Love, Utley (Love Letters #1)

Page 69



FORTY-FOUR

MADDOX

I take a step closer as I watch her fight to keep her features even. “Since seeing you again, I’ve thought about it a lot. And all I keep coming up with is that there’s something I’m not understanding. Something I don’t know.” I want to touch her, but I keep my hands at my sides. “What happened, Little Bunny? What made you run?”

She pushes her hands into the front pockets of her shorts. “I wasn’t running. Maddox…” Hannah presses her lips together. “Do we really need to do this? Can’t we just pretend…?”

“No pretending.” Now that I’m here, there’s no stopping. “Just the truth.”

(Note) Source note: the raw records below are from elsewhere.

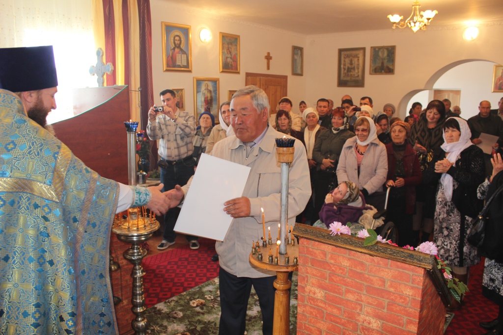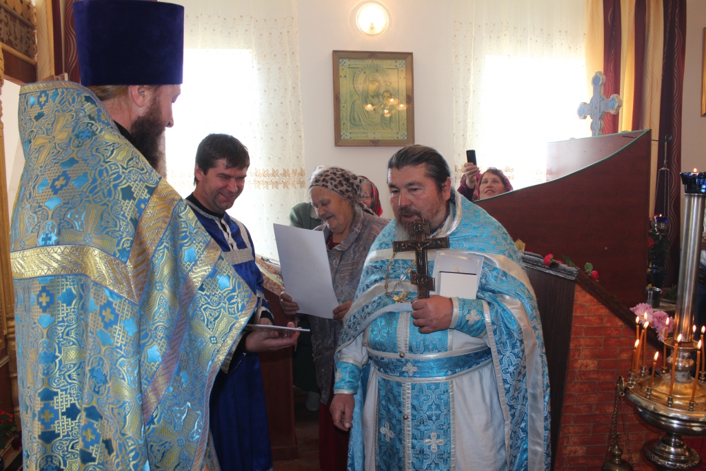 По окончании Божественной Литургии иерей Евгений Яганов, за труды на благо Русской Православной Церкви на Казахстанской земле, вручил священнику Николаю Темирбаеву медаль «В память 140-летия основания Туркестанской епархии», поздравил отца-настоятеля и прихожан, огласив Послание правящего Архиерея – епископа Усть-Каменогорского и Семипалатинского Амфилохия, по случаю Престольного торжества Свято-Покровского храма, села Самарское. Также отец Евгений вручил Архиерейские грамоты более чем 20 прихожанам – благотворителям и благоукрасителям храма, призвав всех и далее прилагать свои труды по благоустройству и обновлению Покровского храма и к внутреннему обновлению храма своей души.
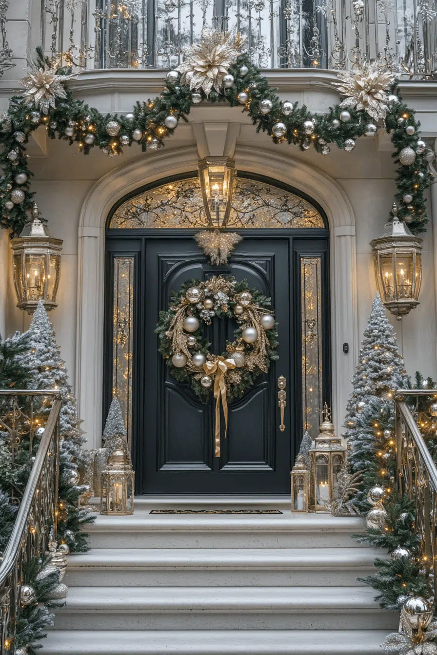 Elevate your curb appeal with front porch Christmas decor that feels effortlessly refined. Golden ribbons, satin bows, and crystal accents shimmer under the evening sky. A symmetrical arrangement of planters and candles adds a touch of grandeur. The result is both polished and inviting.
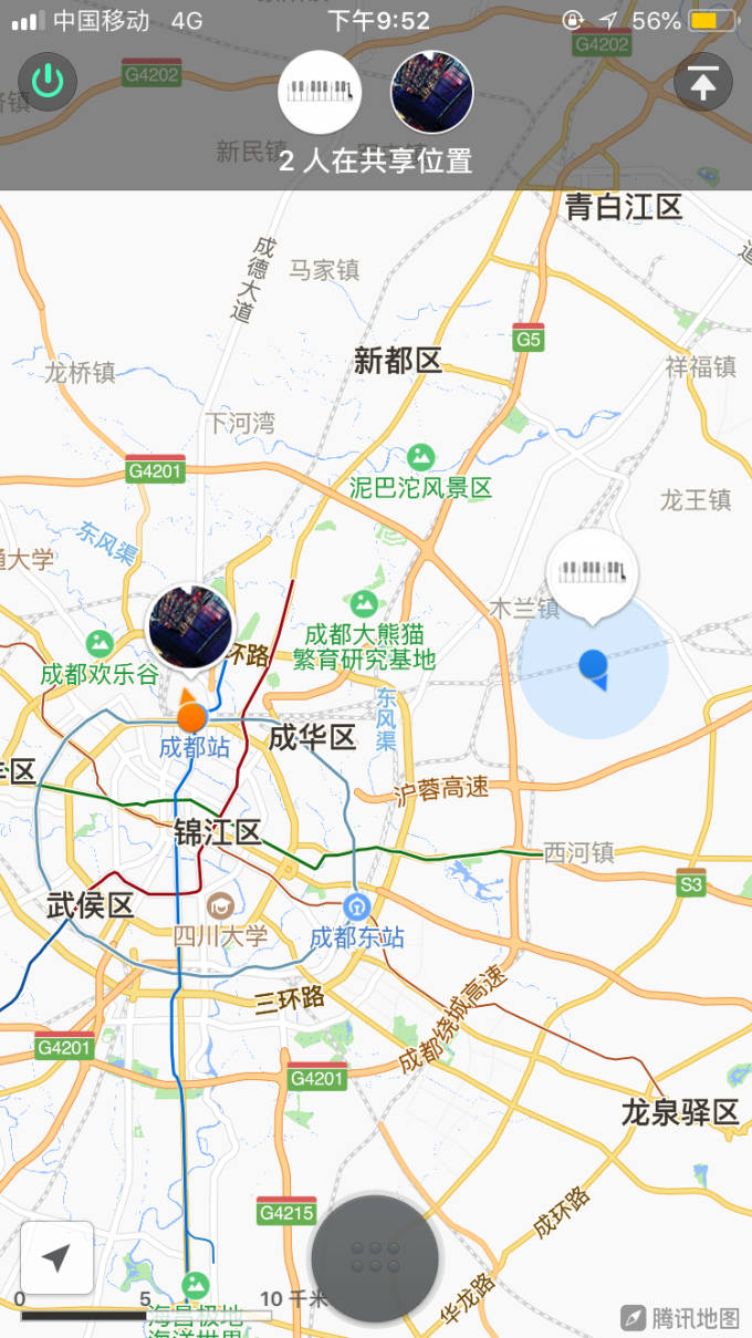 我和大露驾女士发起了毫无意义的位置共享。
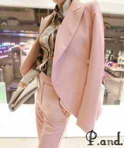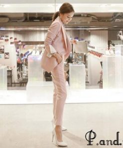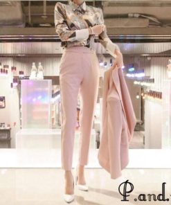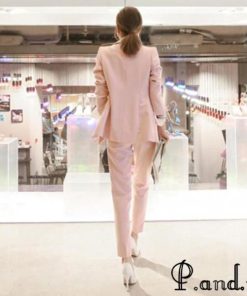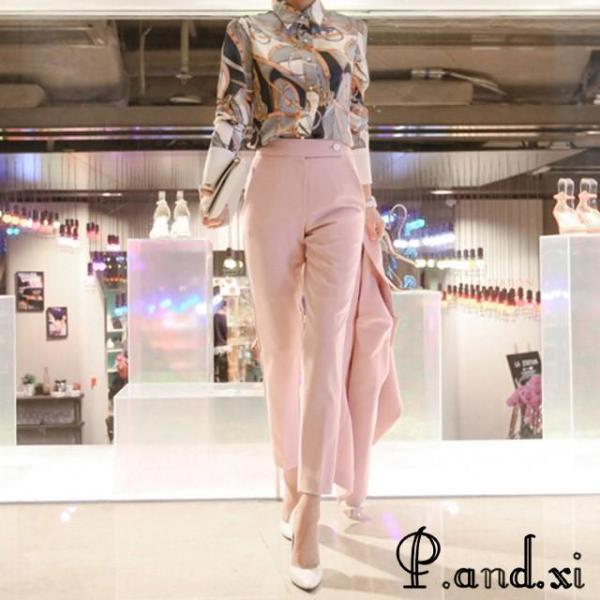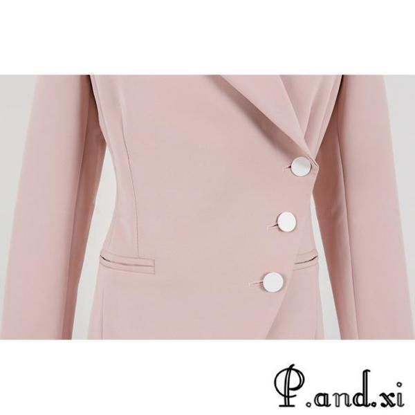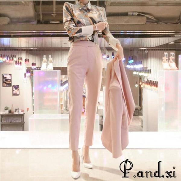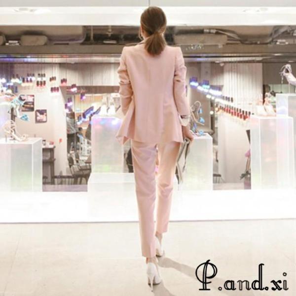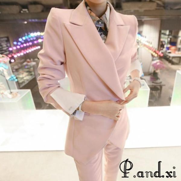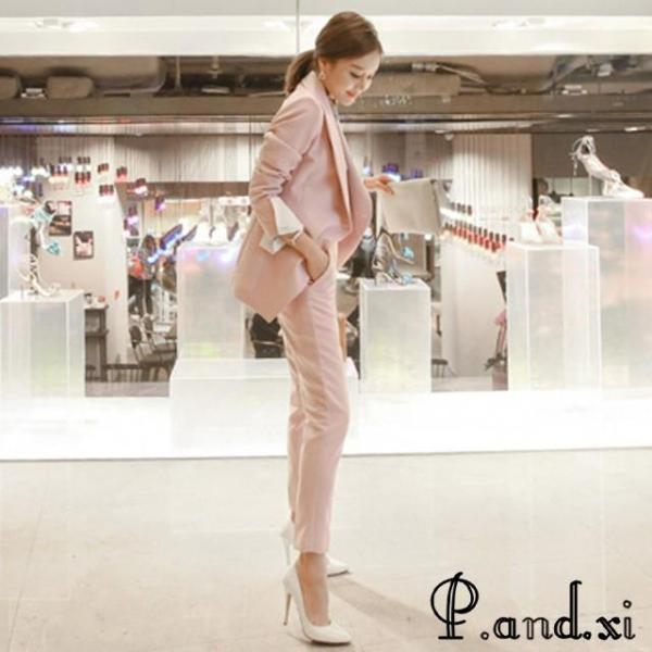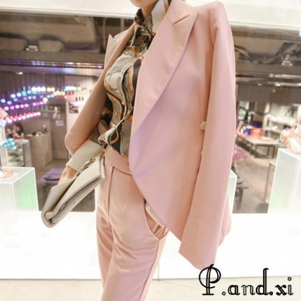 レディースファッション ピンク スーツ レディース OL 通勤 入学式 卒園式 フォーマル パンツスーツ 2点セット 細身 ロングパンツ
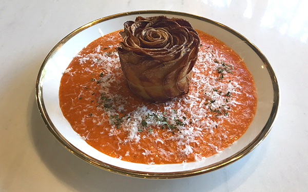 얇게 썬 감자를 마치 장미 꽃잎처럼 하나하나 장미꽃 모양으로 말아서 오븐에 굽고 튀기는 그라탕의 일종이다.
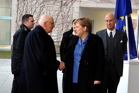 Il Presidente Giorgio Napolitano accolto dal Cancelliere della Repubblica Federale di Germania Angela Merkel
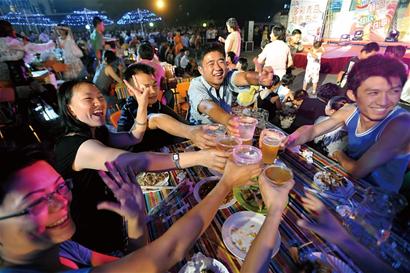 ????2005年,青島啤酒街正式開街。楊曉是啤酒街上的第一批業戶,在他的印象中,每年的8月至11月間,街道兩旁的酒店、啤酒吧都會無一例外地進入一年當中最火爆的經營時刻。啤酒造就了青島奇特的街景文化,鬧市老街,篷傘之下,一盤蛤蜊、幾串烤肉,端起晶瑩剔透的大玻璃杯,仰頭喝下冰涼的啤酒,是這座城市最大眾的夏夜消閑。今年6月15日,青島啤酒街提前兩個月開街,每天上萬名食客光顧,借著世界杯這個助推器,游客和市民沖破400萬,啤酒消費量超過2000噸,比開街那年超出了10倍還多。
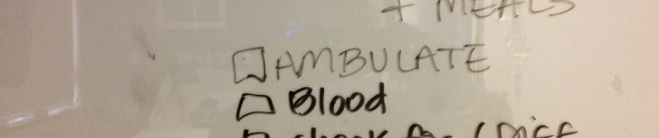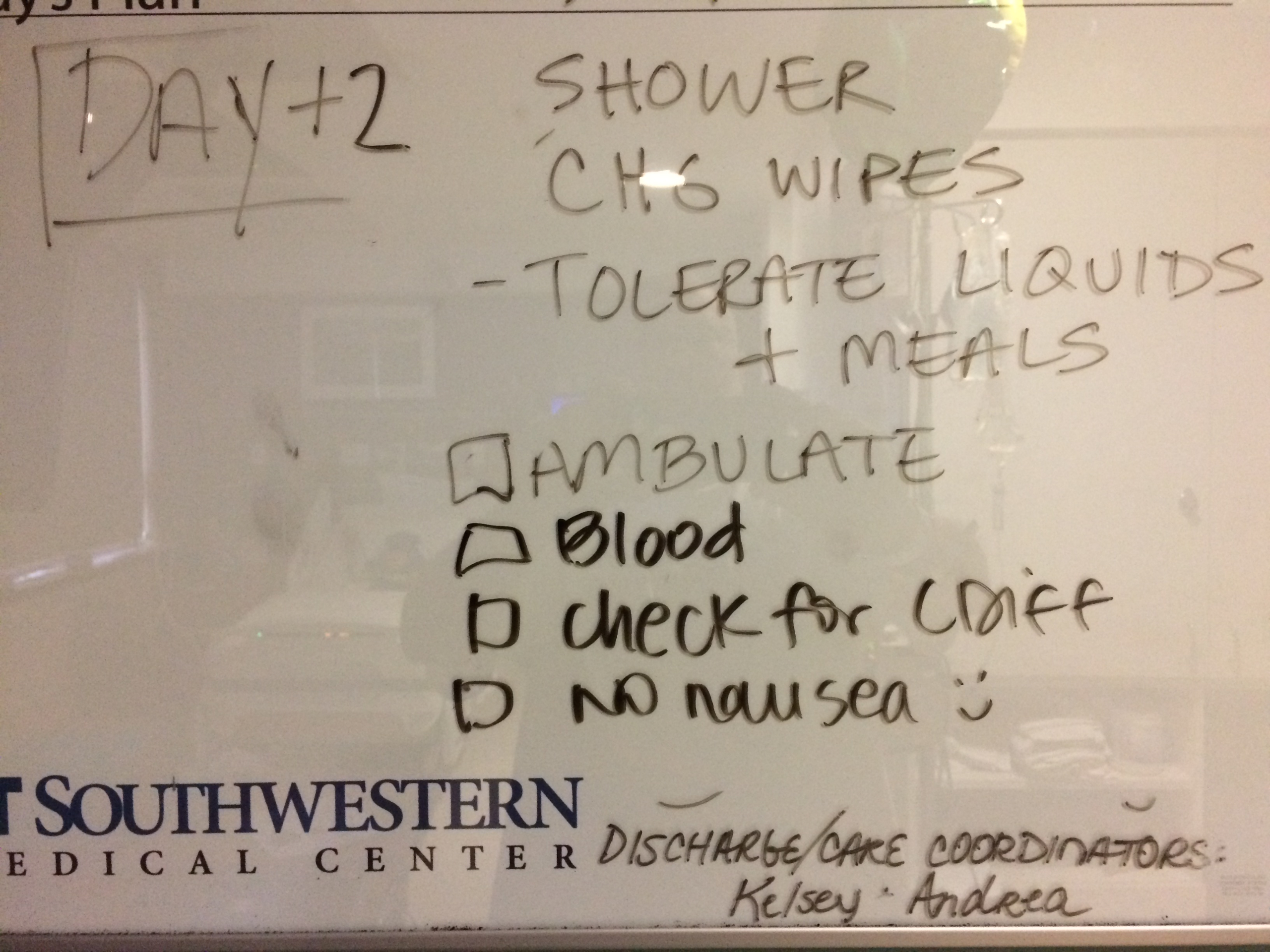 After the transfusion was completed, I felt a good bit stronger. Able to walk a little. I then took a shower. A few hours after that, they performed the odd but necessary ritual of “CHG” wipe down. Everything on my body gets systematically wiped down with the strong antiseptic solution. Avoid face/head/groin/buttocks. Otherwise, every thing gets thoroughly coated.

Hannah nods once. “My mom… Right after, when I got back to my dorm room that morning.” She refers to our night in the library. “I got a call from a nurse. My mom had a stroke.”

“Fuck,” I breathe out.

“She was in the hospital.”

“Jesus, Hannah.”

“I had no choice. I had to come home.”

I think about the way our hands parted when we left the library. And how I spent the day thinking about her, and she spent her day…

“Why didn’t you tell me?” I ask, knowing I have no right to feel any sort of hurt over this. But I still can’t believe she just left.

“I tried.” She repeats the statement from last night.

“I don’t —”

“I put a letter in your mailbox.” She rushes the sentence out.

“You…” I trail off. “What?”

She shrugs like it’s not a big fucking deal.

“A letter?” I try to wrap my head around it.

“No one answered when I rang the doorbell.” She lifts her shoulders again, but it’s a smaller movement this time. More restrained. “So I put it in the mailbox.”

I tried.

What can only be guilt presses in around my lungs. “I never got it.” Saying the words feels like throwing a punch. “I never got your letter, Hannah.”

She gives me a weak smile.

She wrote me a fucking letter. The day her mom had a stroke.

“What did the letter say?”

“Maddox—” Her gaze drops away from mine.

“Please,” I cut her off.

“It said what I just told you.” She pulls her hands from her pockets and lifts them before letting them flop back down to their sides. “That my mom was in the hospital and that I had to catch a bus home. And with the shop—” She looks up at me. “We owned Petals, that flower shop from my résumé. Mom practically lived there, running the place. And if she couldn’t work… then I’d have to.”

The timelines all click into place.

Hannah left for school because Ruth ran the shop. But a week later, Ruth couldn’t run it anymore.

“What else did the letter say?” I need to know all of it. Need to know the extent of the damage.